Anthony Hopkins first got his start on British television and won BAFTA Best TV Actor for “War and Peace” (1972). He’s also two-time Emmy winner for Best Limited Series/Movie Actor: “The Lindbergh Kidnapping Case” (1976) and “The Bunker” (1981). Hopkins returned to television this fall as Dr. Robert Ford, the puppet-master in HBO’s new prestige drama “Westworld.” An actor of his caliber on a TV series seems like a no-brainer for awards attention, but then Hopkins got snubbed by the Critics’ Choice, Golden Globes and SAG Awards (although he contends as part of the SAG ensemble). That got us to wonder, should Hopkins drop down to the supporting category at the Emmy Awards instead of continuing to campaign in the lead race? Below are the five reasons why I think he should go supporting.
1. Screen time.
When Hopkins contended for his now iconic lead performance as Dr. Hannibal Lecter in “The Silence of the Lambs” (1991) he had less screen time than his co-star Jodie Foster. This could’ve allowed him to contend in the supporting race, but the impact of his performance won him Best Actor at the Oscars. “Westworld,” however, is a 10-episode serial drama and while Hopkins is very impactful in the few scenes he has per episode, he doesn’t appear in enough to warrant being in the lead category. Compare Hopkins to reigning Emmy champ Rami Malek (“Mr. Robot”) and nominees Kevin Spacey (“House of Cards”), Bob Odenkirk (“Better Call Saul”), Kyle Chandler (“Bloodline”), Liev Schreiber (“Ray Donovan”) and Matthew Rhys (“The Americans”). While none have the body of work Hopkins does, there is no questioning what category these six leading men should compete in.

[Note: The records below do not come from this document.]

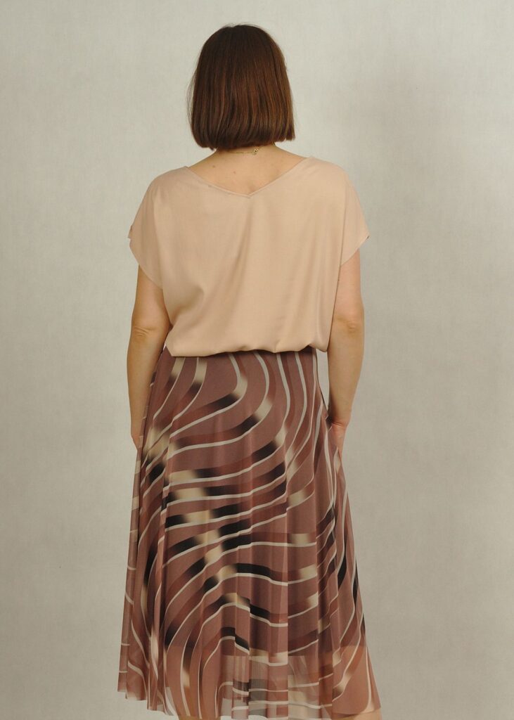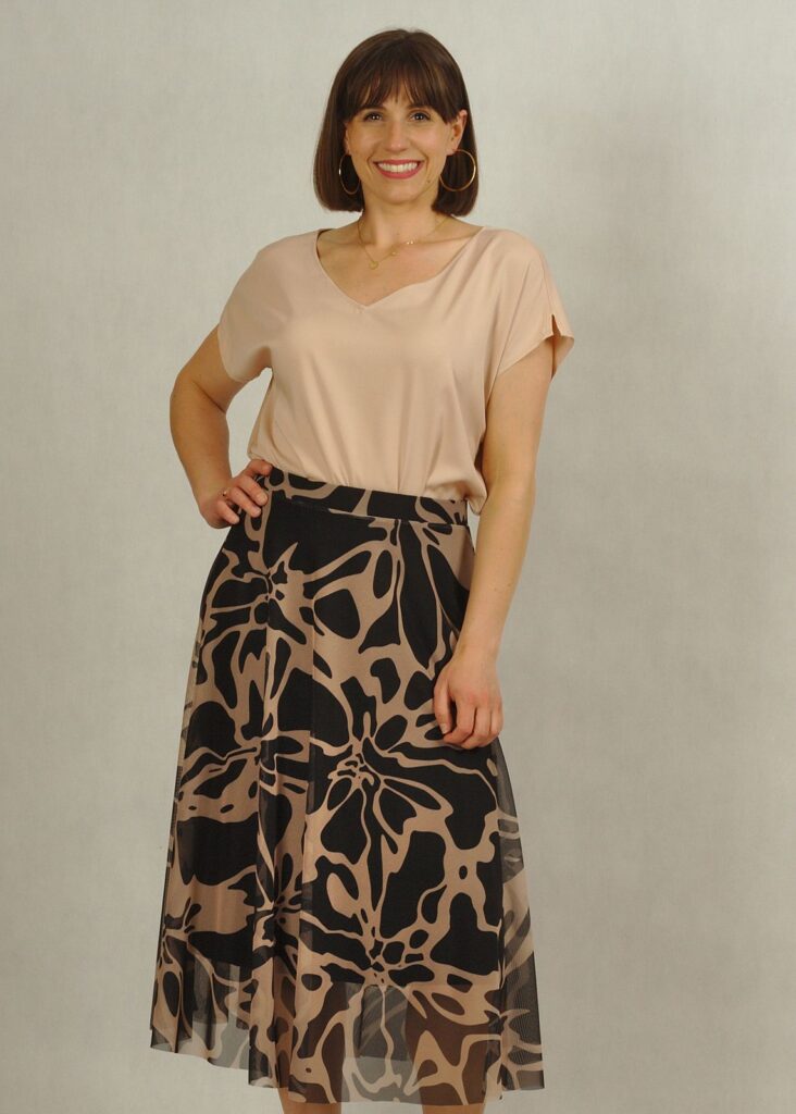 Bluzka ma piękny dekolt w serek, wysmuklający sylwetkę. Rękaw luźno opadający krótki, z drobnym rozcięciem na ramieniu.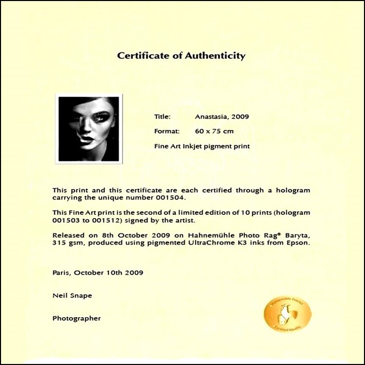 Sample Certificate of Authenticity Template :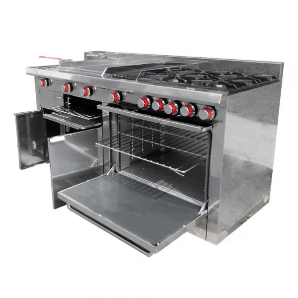 2 PARRILLAS NIQUELADAS DENTRO. 1 TERMOSTATO IMPORTADO RANGO DE 100 A 300°C VALVULA DE SEGURIDAD INTEGRADA. 1 QUEMADOR TUBULAR EN ACERO INOX. DE 36,000 B.T.U./H PUERTA CON BISAGRAS Y EMPAQUE PERIMETRAL PARA CIERRE HERMETICO. 2 GABINETES CON PUERTA BAJO LA FREIDORA Y EL GRATINADOR.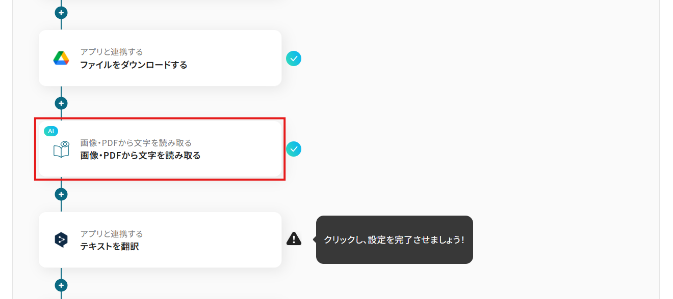 「Google DriveにアップロードされたファイルをOCRして、DeepLで翻訳後、Gmailでメールを送信する」ワークフローを利用すると、ファイルのOCRと翻訳が自動で行われます。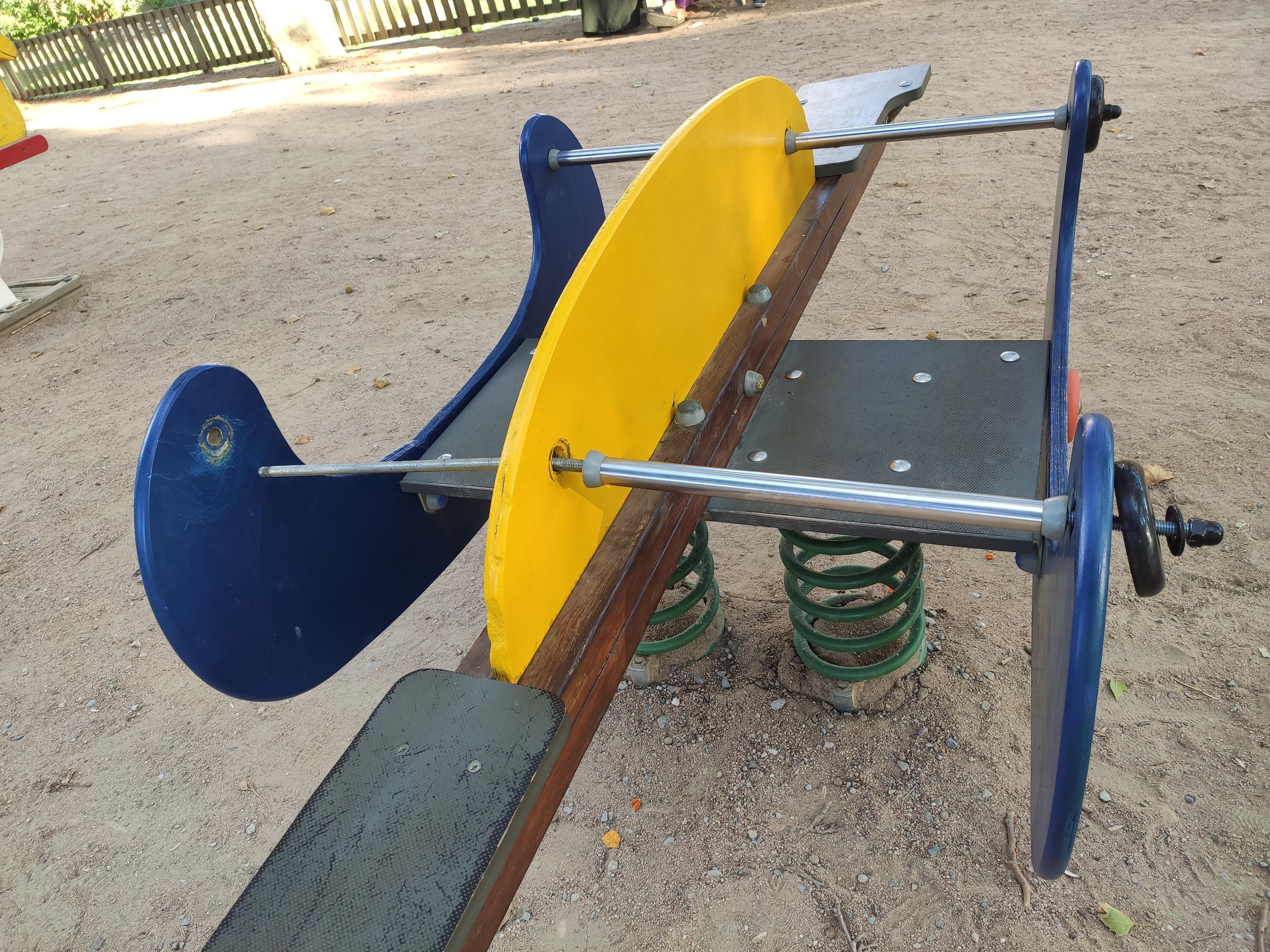 Joc pels nens trencat (o més aviat " bandalitzat "), al parc infantil del Prat de la Riera, i un altre de fet malbé.

2. The other men of ‘Westworld’ haven’t fared so well.
“Westworld” has an impressive cast of supporting actors including: Jeffrey Wright, a past Emmy winner for “Angels in America” in 2004; Ed Harris, a two-time Emmy nominee for “Empire Falls” in 2005 and “Game Change” in 2012; and film star James Marsden. But since none received Critics’ Choice, Golden Globe or SAG Award nominations for “Westworld,” Hopkins probably wouldn’t be hurting his co-stars’ chances of earning Emmy noms.
3. It’s good enough for the Dame.
Hopkins shouldn’t think of this as a demotion, more of ensuring himself the recognition he deserves. Dame Maggie Smith has won three Supporting Actress Emmys for her work on “Downton Abbey” (2011-2012 and 2016). If it’s okay for the Dame, also a former Best Actress Limited Series/Movie Emmy winner (“My House in Umbria,” 2003) to move down to supporting, it’s all right for Hopkins. But please do come to the ceremony!
4. This is his only chance.
SPOILER ALERT! Hopkins was featured heavily in the season finale (which should be his Emmy episode submission) as his character ended up being shot in the head by Evan Rachel Wood’s character, Dolores. Unless there is a major twist in store for Dr. Ford, Hopkins will only get one chance at recognition. In the supporting race, finishing a one-off season run where your character ends up dead can be a winning strategy, as Zeljko Ivanek (“Damages,” 2008), Margo Martindale (“Justified,” 2011) and Bobby Cannavale (“Boardwalk Empire,” 2013) all proved victorious.
5. The Emmy showdown.
This one might not benefit Hopkins but would make us award pundits and prognosticators giddy. If Hopkins did submit in the supporting race he will likely face off against one of television’s most beloved stars, John Lithgow (“The Crown”). Lithgow is a five-time Emmy winner: three for Best Comedy Actor (“3rd Rock from the Sun,” 1996-1997, 1999) and twice for Best Drama Guest Actor (“Amazing Stories” in 1986, “Dexter” in 2010). This match-up would rival the 2014 Best Drama Actor race that saw Bryan Cranston win Emmy #4 for the final season of “Breaking Bad” in one of the tightest races in recent years with Matthew McConaughey (“True Detective”), the recent Best Actor Oscar winner (“Dallas Buyers Club”). The Hopkins vs. Lithgow showdown could possibly be the most exciting race of the awards season.